Look - my sister who has been a trauma surgeon in San Jose for almost 20 years (with a 4 year stint being the chief surgeon at a midwestern hospital) just quit. She was an Obama supporter, gave, volunteered, went to an inaugural ball - the works. She quit because the situation has worsened and she sees no end to a shrinking income that started shrinking about 10 years ago.

She went to the midwest because the insurers/payers were not taking as much as in the SF bay area (where rates are among the highest in the country, yet practitioner incomes are shrinking). then the fix started there too.

Now she will make twice as much money auditing hospitals. That’s right - she joined the bean counters and will make more money than anyone in the operating room (except maybe the top nurses - the nurses union in the SF bay area is quite strong).

When you segment the market and shrink both the resource and risk pools you create room for the oligopolists to do their thing. the point of going interstate is to spread both pools. Practitioners LIKE having more than one payer - there is a chance they might get paid better by one than another. When you force a market to have few payers who have an incentive to drive up costs and where the consumer will not walk away from a higher priced product then you get what we have.

And people are leaving the field in these markets - like silicon valley, where car accident victims will now get lower quality care because the experienced trauma surgeons can’t make a living (my sister has a mortgage on a 1200 square foot house and drives a 12 year old car and has no retirement savings - she used to live better 10 years ago).

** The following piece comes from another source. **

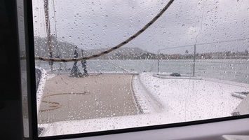 12.11.2019 Der Wind aus den Bergen läuft zur Form auf, es bläst konstant über 30kn und in der Spitze bis 50kn - gut so, dann können wir den Liegeplatz schon mal so richtig absichern. Nur die nötigen Arbeiten am Boot müssen wir verschieben, das macht gerade keinen rechten Spaß.

Ezra Klein et al are free to spit out whatever talking points they want to rationalize the “reform” package we want and it is interesting to see the left defend it now that they own it, but the plain fact is that we have all made the situation worse. It has nothing to do with the cost of the providers - it has to do with the protection afforded the payers and the pharmas to get a deal done.

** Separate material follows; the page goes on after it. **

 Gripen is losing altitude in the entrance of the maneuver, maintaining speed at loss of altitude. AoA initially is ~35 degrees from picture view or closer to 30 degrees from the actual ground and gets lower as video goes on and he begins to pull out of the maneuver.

We have one option left - single payer.

A less radical and intrusive way to avoid a balkanized market and avoid the race to the bottom would be to get rid of the state regulators and substitute a national regulator. One set of rules, one marketplace. Everyone can market everywhere, subject to their ability to deliver the product and comply with the rules. (Which is not a trivial restriction: setting up provider networks isn’t a simple task.)